True error \(\Vert \Delta X^{(j)}\Vert \)

0.0400

\(4.0000e{-004}\)

\(4.0000e{-006}\)

\(4.0000e{-008}\)

\(4.0000e{-010}\)

Our result (3.5)

0.0985

\(6.9607e{-004}\)

\(6.9346e{-006}\)

\(6.9343e{-008}\)

\(6.9343e{-010}\)

Example 4.3

Consider Eq. (1.1) with \(q=r=0.5, m=2, n=1\) and

$$\begin{aligned} A_1=\left( \begin{array}{cc} 0 &{} a_{1}\\ 0.02 &{} 0 \end{array}\right) ,\ \ A_{2}=\left( \begin{array}{cc} 0 &{} a_2\\ 0 &{} 0 \end{array}\right) ,\ \ B=\left( \begin{array}{cc} 0 &{} 0\\ b &{} 0 \end{array}\right) , \ \ Q=\left( \begin{array}{cc} 1.1 &{} 0\\ 0 &{} 1.2 \end{array}\right) , \end{aligned}$$

where \(a_{1}=0.25+10^{-k}\), \(a_{2}=0.15+10^{-k}\) and \(b=0.35+10^{-k}\).
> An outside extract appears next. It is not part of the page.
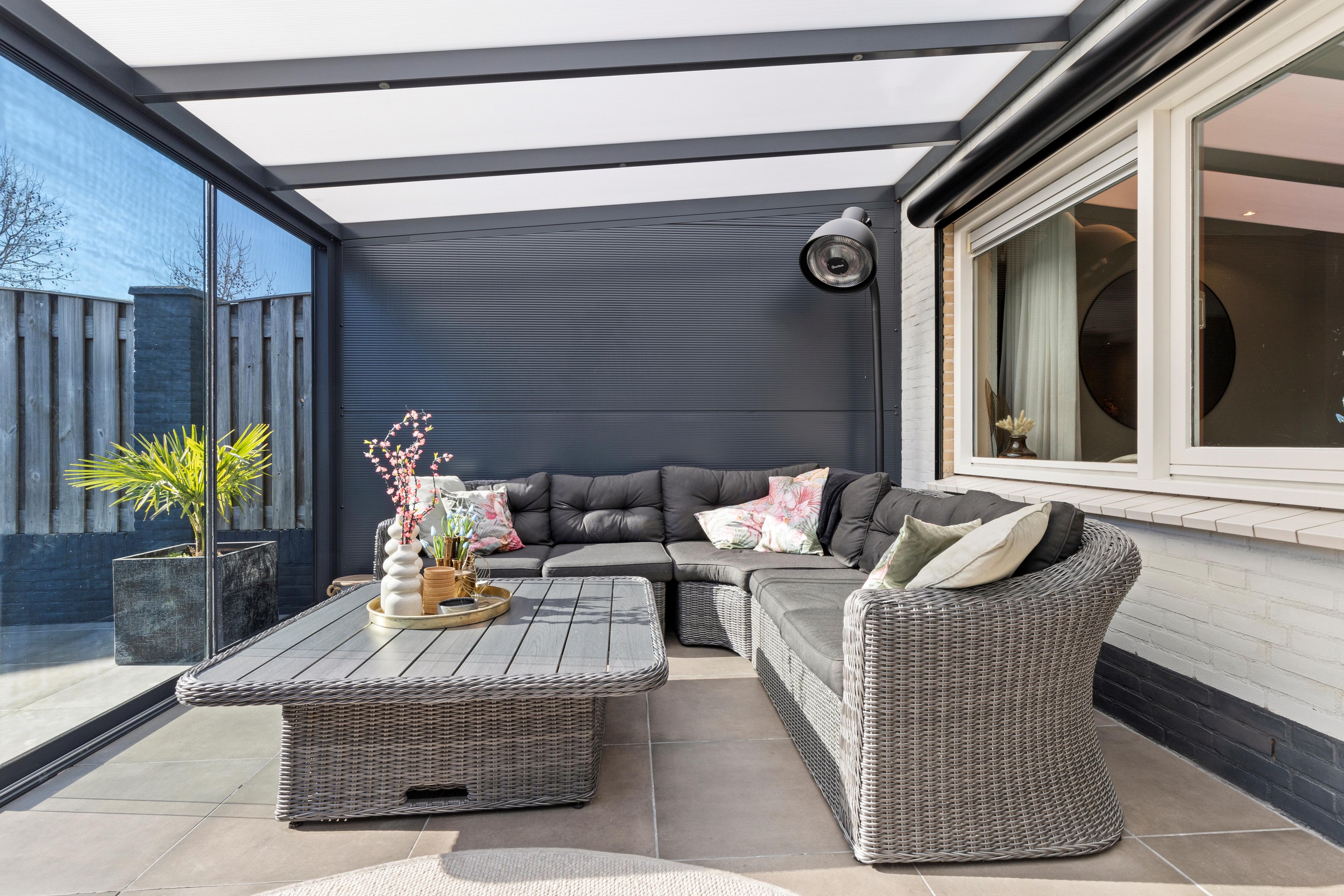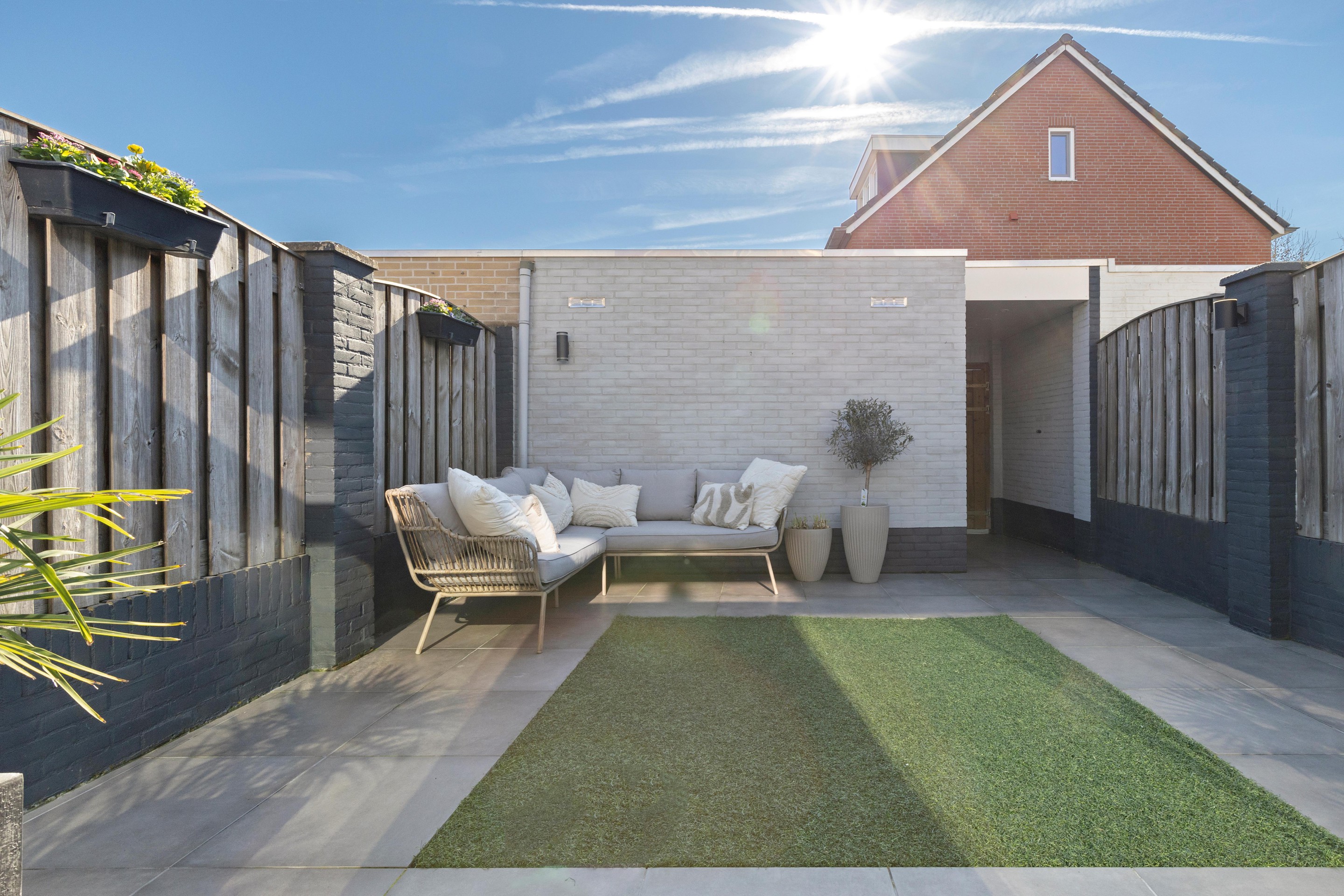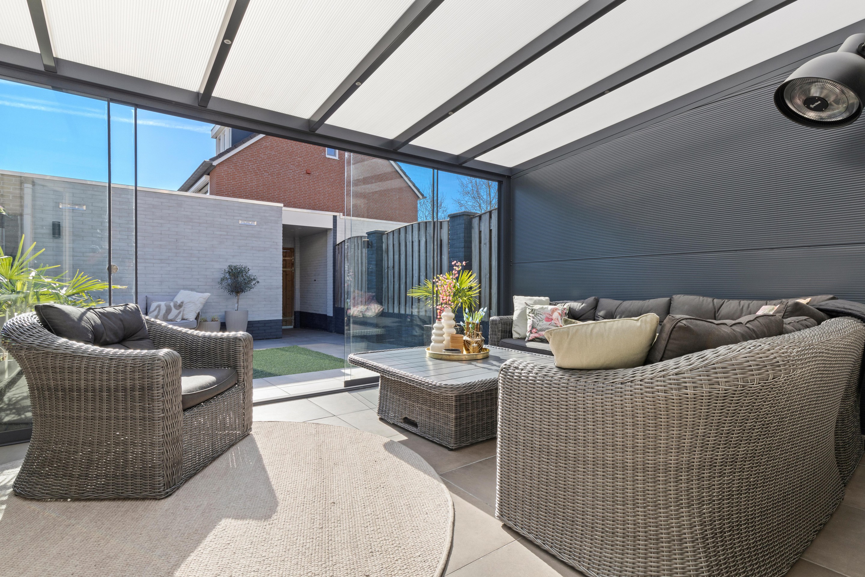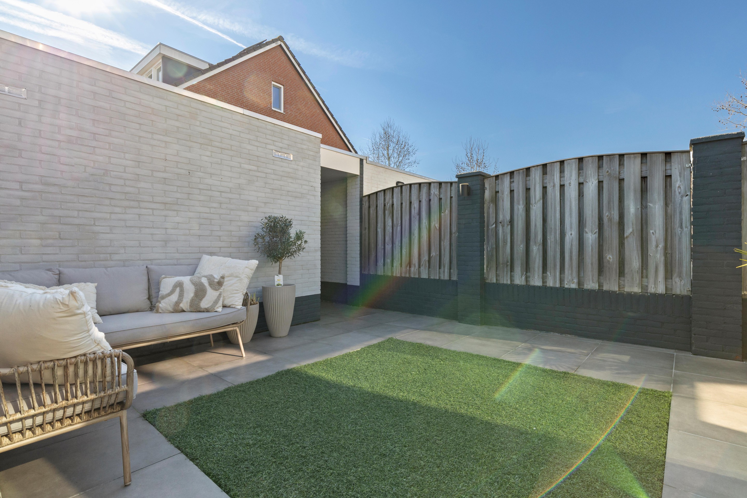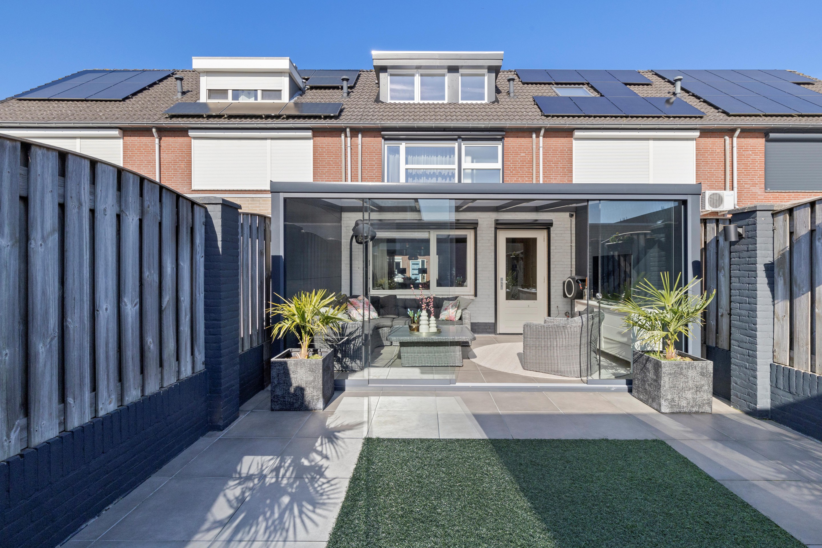 De in 2022 nieuw aangelegde achtertuin is onderhoudsvriendelijk en beschikt over een ruim terras met keramische tegels, kunstgazon en een afsluitbare overkapping/serre (ca. 16,5 m2), waardoor je het hele jaar door van buiten kunt genieten.

Denote \(\theta _1=\Vert A_1^*A_1\Vert +\Vert A_2^*A_2\Vert -\frac{1}{2}\frac{q^q}{\Vert (q+1)Q^{-1}\Vert ^{q+1}}\), \(\theta _2=\Vert B^*B\Vert -\frac{1}{2r}\frac{q^{r+1}}{\Vert (q+1)Q^{-1}\Vert ^{r+1}}\), For k from 1 to 6, we compute \(\theta _1\) and \(\theta _2\) to see that the conditions of Theorem 3.3 are always satisfied. Results for \(\textit{C}_{\mathrm{rel}}(X)\) by (3.19) with different vales of k are listed below where \(\textit{C}_{\mathrm{rel}}(X)\) is the relative condition number of the unique positive definite solution of Eq.(1.1).

k

1

2

3

4

5

6

\(\theta _1\)

\(-0.037027\)

\(-0.128827\)

\(-0.136225\)

\(-0.136947\)

\(-0.137019\)

\(-0.137026\)

\(\theta _2\)

\(-0.019527\)

\(-0.092427\)

\(-0.098826\)

\(-0.099457\)

\(-0.099520\)

\(-0.099526\)

\(\textit{C}_{\mathrm{rel}}(X_{L})\)

1.014454

1.000561

0.999674

0.999590

0.999582

0.999581

The numerical results listed in the second line show that the unique positive definite solution X is well-conditioned in such cases.